Today is Aug. 15th, my birthday.
I was born 39 years ago here in NYC. I've been through a lot of things in my life - both good & bad and like most of you, kept on moving forward. Age didn't scare me until a few days ago when I started feeling sick & ended up in the emergency room at Lenox Hill hospital. According to the doctors, they didn't find anything obviously wrong. Great. I don't know if I should be celebrating or concerned. It did remind me (after viewing my X-rays) that I had mild Levoscoliosis of the lumbar spine. The first time I found this out was about 5 years ago. It has now brought up concerns about my health & posture.
So much so, that I decided I'll sign up for some type of stretching class & physical Therapy to perhaps slow down the curvature. It isn't obvious if you look at me, so don't count me out yet.... Anyone else have this?? I'm curious. The only thing I've experienced is lower back pain off & on, especially if I'm sitting in one position for too long.
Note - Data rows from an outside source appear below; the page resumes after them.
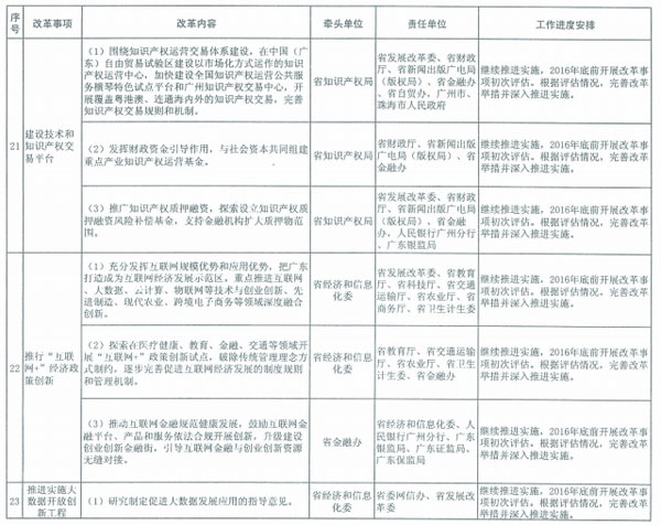 附件:广东省全面创新改革试验改革事项责任分工和进度安排表
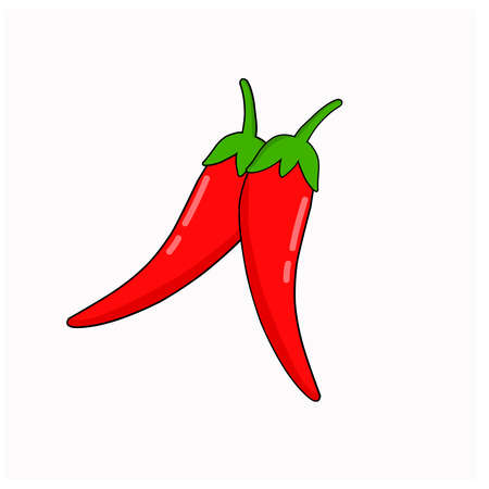 Chilli pepper isolated on white background. Vector illustration in cartoon style.
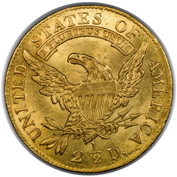 The 1808 and 1796 No Stars quarter eagles are virtually tied for the status of “rarest U.S. gold type coin.” Bass-Dannreuther place both at R.4, estimating 125-150 pieces known of the former and 104-131 of the latter. However, the 1808 is also more conditionally elusive grade for grade than the 1796 No Stars, of which there are numerous high-grade survivors. In MS62 or finer, we have only traced twelve 1808 quarter eagles, and in MS63 or finer, the population dwindles to half that. The finest is a single MS65, formerly in the collections of J. Hewitt Judd and Congressman Jimmy Hayes. After that are five MS63 examples, including the present example, tying it for second finest known. Certification data supports this assertion: PCGS lists one in 65 (the Judd-Hayes coin) and one in 63, and NGC lists five certifications in 63 atop its census (11/25). This lot presents the type collector with a rare opportunity to acquire this one-year emission in high Condition Census quality.
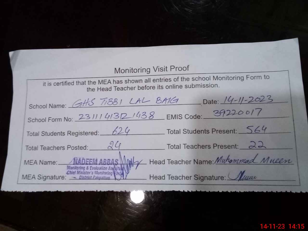 | EMIS Code: 39220017 | Name of School: GHS TIBBI LAL BAIG | |||
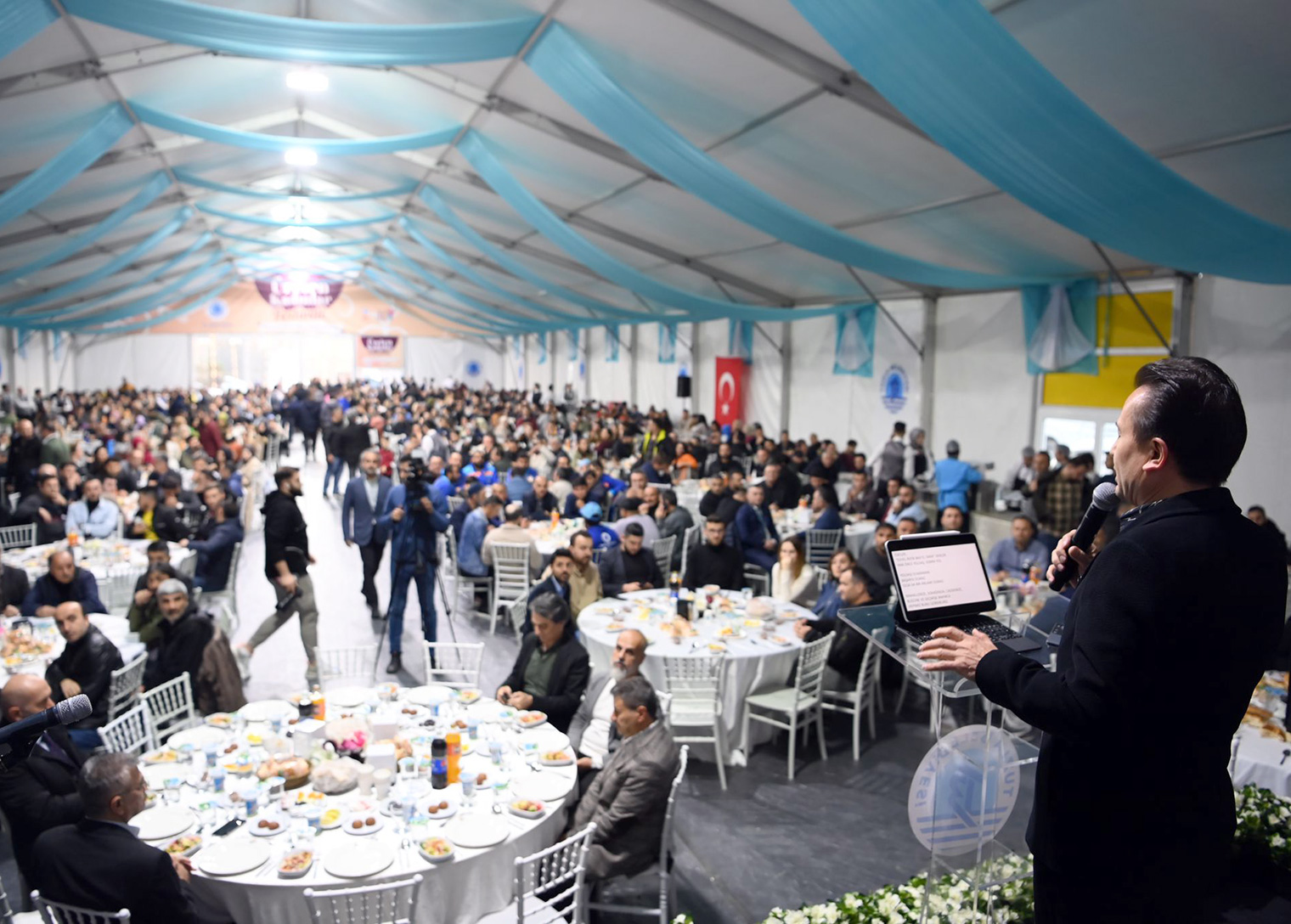 Tuzla Belediye Başkanı Dr. Şadi Yazıcı hem Tuzla’da hem de Hatay’ın Kırıkhan ilçesinde 7 gün 24 saat esasına göre belediyecilik hizmetleri aralıksız sürdüren Tuzla Belediyesi personeli ile iftar programında bir araya geldi. Tuzla Marina’da bulunan Tuzla Belediyesi etkinlik çadırında gerçekleştirilen programa binden fazla Tuzla Belediyesi personeli katıldı. Başkan Yazıcı, tüm Tuzla Belediyesi personeline toplu iş sözleşmesindeki haklarına ek olarak bin 500 lira bayram ikramiyesi müjdesi verdi.

Sure, I got a little sad, but my sadness stemmed from how my partner would look at me 'if' this got worse. Would he think I was ugly? not attractive? You know, all those ugly, awful thoughts we should really avoid but can't help but think about. After expressing my concerns to him he told me he would love me no matter what & that he thinks I'm beautiful both inside & out. I believe him, he's never proven otherwise.
So today I celebrate, because it's another year of life that God has given me to live. Another year he has given me to celebrate with my family & friends. Another year to grow my business. It's another year he has given me to love HIM & care for others.
I am thankful & know that worrying will only cause the bad thoughts to start rolling in. So, I will continue to move forward and allow more love in my life & less worry. I'm not going to lie, I'd rather be turning 25. But continuing to wish that would be living in the past & not in what life has for me today.
As I look out my window the rain is starting to come down. As I look to my left I see a dog who loves me unconditionally & then I look at the bathroom mirror at what my husband wrote this morning. So cute.